▶ [What is being asked] Read the data line by line and say how many lines contain the string "from", giving the number alone.

▶ [Input for this task]
☆ ☆ ☆ ☆ ☆
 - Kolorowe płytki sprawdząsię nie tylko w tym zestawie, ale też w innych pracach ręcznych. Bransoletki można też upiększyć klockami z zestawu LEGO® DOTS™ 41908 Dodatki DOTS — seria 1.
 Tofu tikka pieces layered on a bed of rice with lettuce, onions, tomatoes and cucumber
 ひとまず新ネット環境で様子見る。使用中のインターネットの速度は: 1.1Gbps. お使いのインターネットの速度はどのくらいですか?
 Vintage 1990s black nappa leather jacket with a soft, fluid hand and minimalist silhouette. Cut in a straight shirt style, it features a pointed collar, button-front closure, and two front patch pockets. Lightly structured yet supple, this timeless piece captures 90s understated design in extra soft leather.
☆ ☆ ☆ ☆ ☆
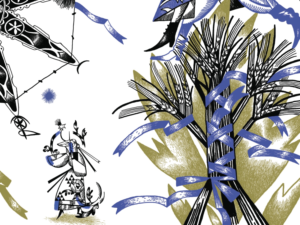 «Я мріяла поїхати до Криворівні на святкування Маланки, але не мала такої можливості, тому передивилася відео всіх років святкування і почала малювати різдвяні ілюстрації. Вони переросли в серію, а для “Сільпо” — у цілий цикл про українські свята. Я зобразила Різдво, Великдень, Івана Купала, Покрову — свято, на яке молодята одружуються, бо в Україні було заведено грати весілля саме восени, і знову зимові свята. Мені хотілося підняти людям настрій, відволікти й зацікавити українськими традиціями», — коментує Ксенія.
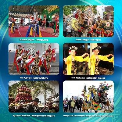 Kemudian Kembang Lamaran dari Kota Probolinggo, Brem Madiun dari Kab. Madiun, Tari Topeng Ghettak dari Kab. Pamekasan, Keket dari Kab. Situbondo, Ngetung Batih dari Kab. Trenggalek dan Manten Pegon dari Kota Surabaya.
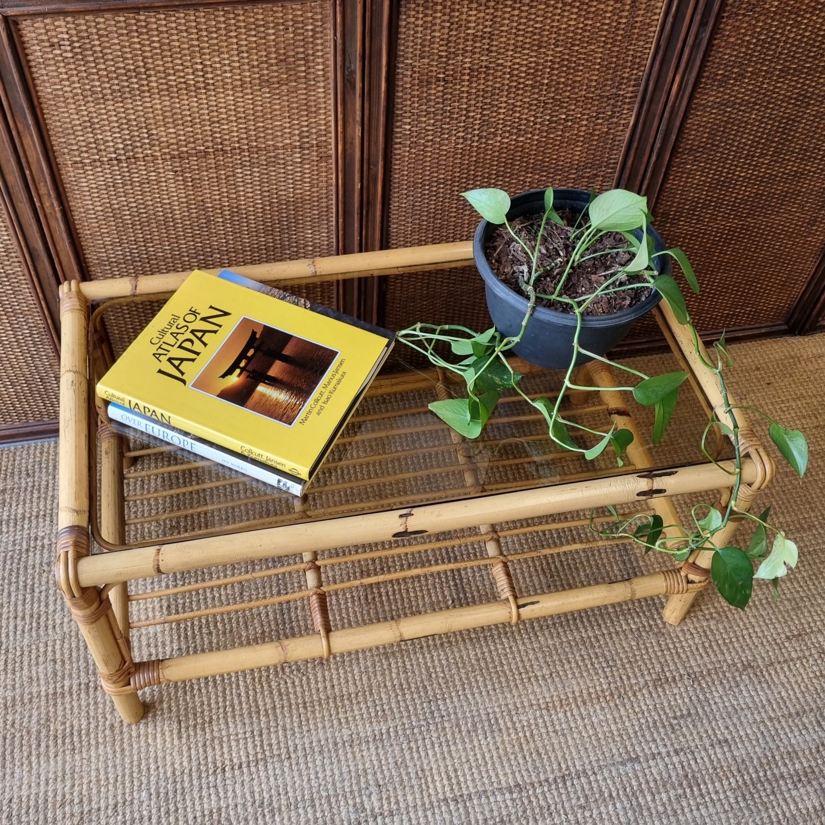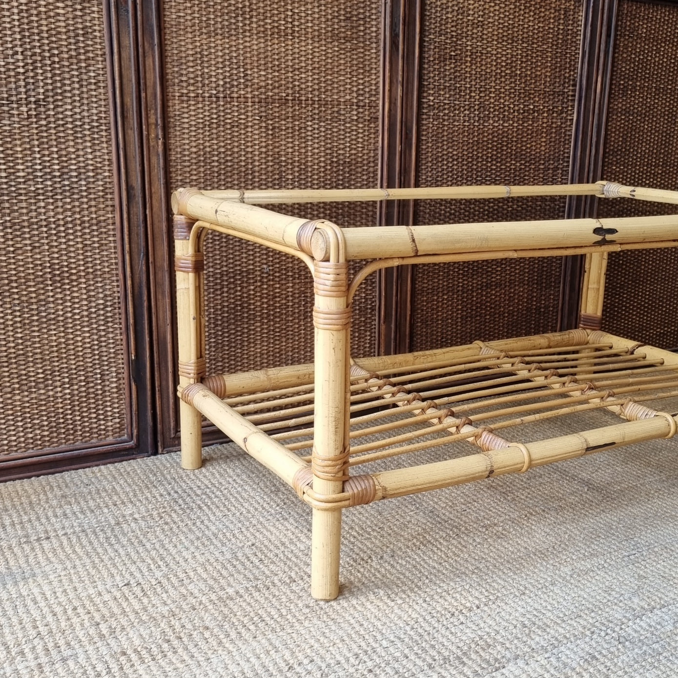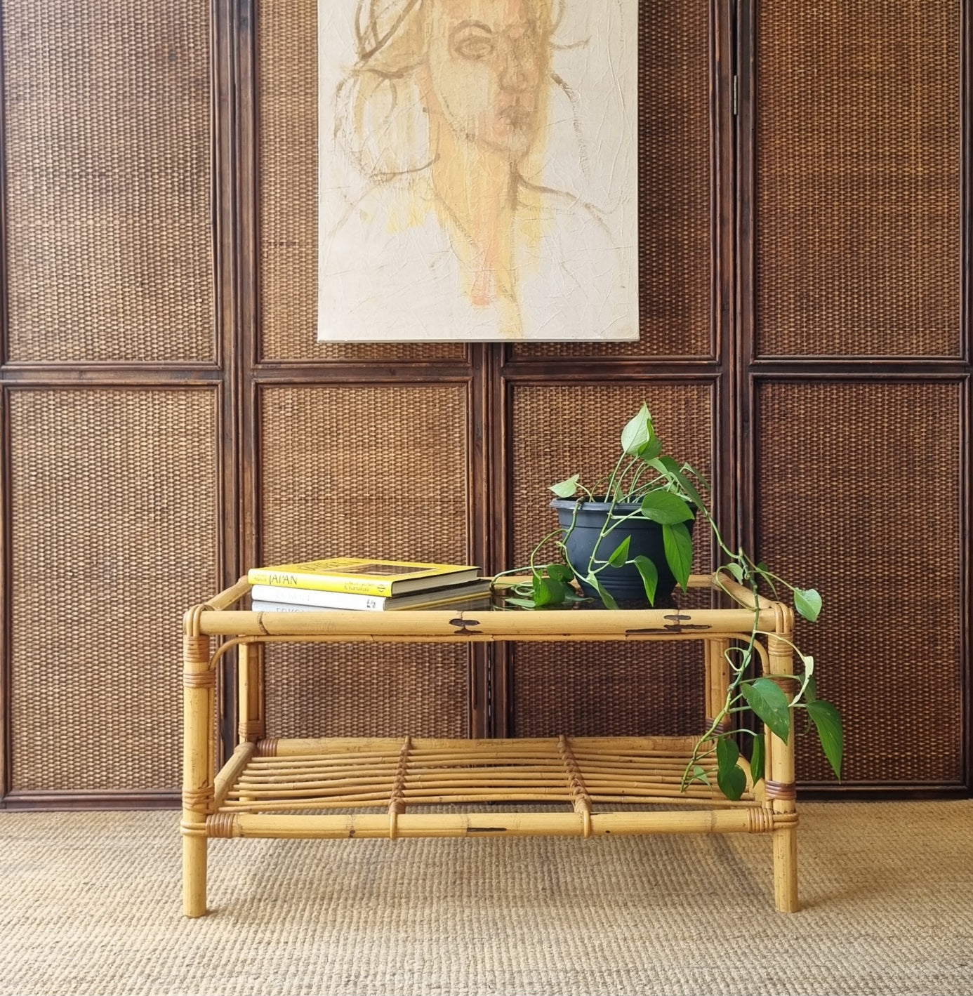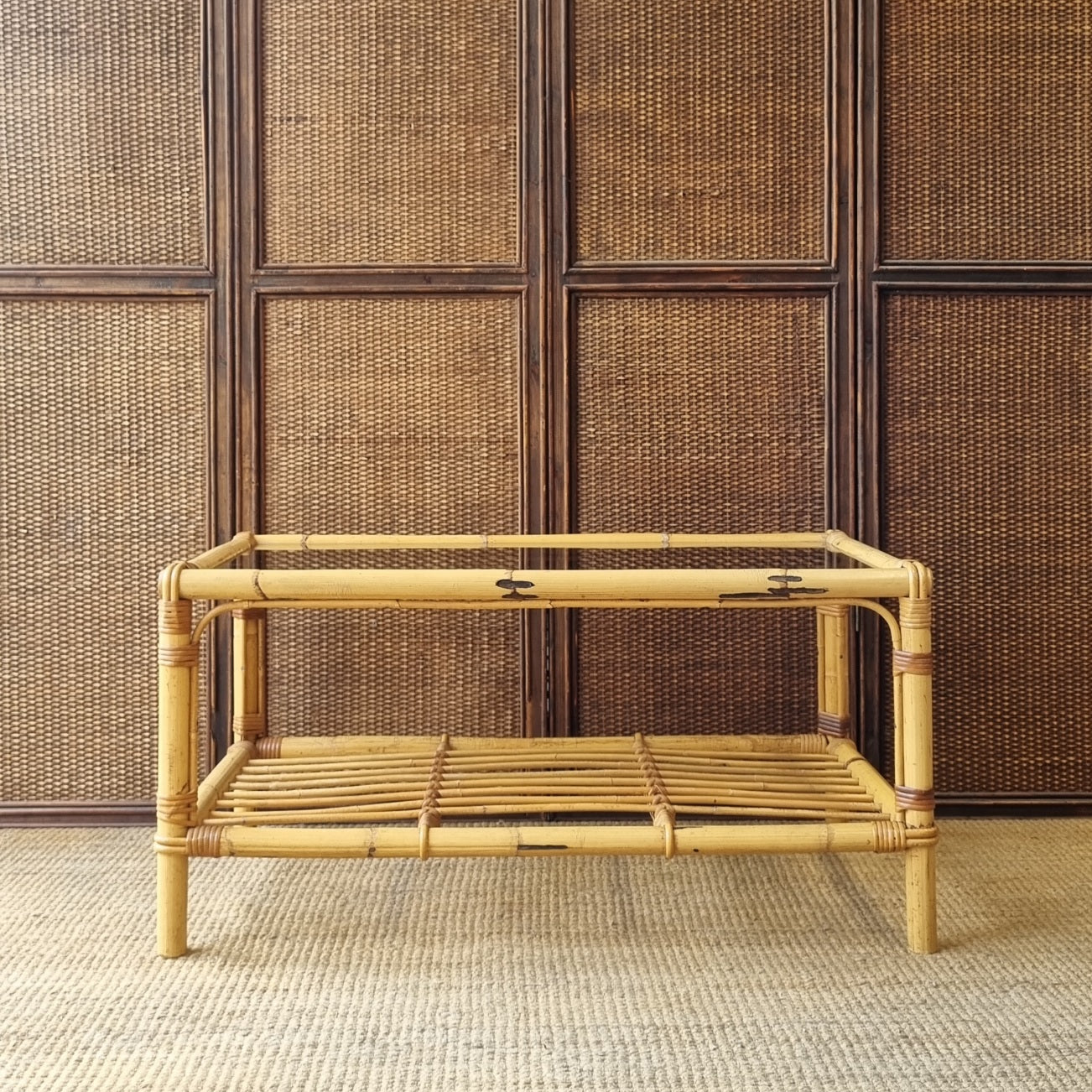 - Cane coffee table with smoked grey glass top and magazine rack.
☆ ☆ ☆ ☆ ☆
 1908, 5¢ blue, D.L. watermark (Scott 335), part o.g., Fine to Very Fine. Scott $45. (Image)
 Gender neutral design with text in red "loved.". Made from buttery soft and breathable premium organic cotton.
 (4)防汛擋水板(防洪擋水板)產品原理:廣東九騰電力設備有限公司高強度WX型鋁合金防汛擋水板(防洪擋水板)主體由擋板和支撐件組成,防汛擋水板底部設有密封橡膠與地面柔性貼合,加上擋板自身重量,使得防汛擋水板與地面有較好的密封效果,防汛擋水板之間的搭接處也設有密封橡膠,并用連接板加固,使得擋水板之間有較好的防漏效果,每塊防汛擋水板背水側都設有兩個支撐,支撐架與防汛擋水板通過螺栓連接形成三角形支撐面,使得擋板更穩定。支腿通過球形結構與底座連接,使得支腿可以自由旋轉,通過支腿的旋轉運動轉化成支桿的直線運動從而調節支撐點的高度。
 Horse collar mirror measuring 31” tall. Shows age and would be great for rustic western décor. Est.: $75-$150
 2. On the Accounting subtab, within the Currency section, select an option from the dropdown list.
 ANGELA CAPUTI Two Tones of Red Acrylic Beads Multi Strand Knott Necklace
☆ ☆ ☆ ☆ ☆
▶ [Exercise answer] 2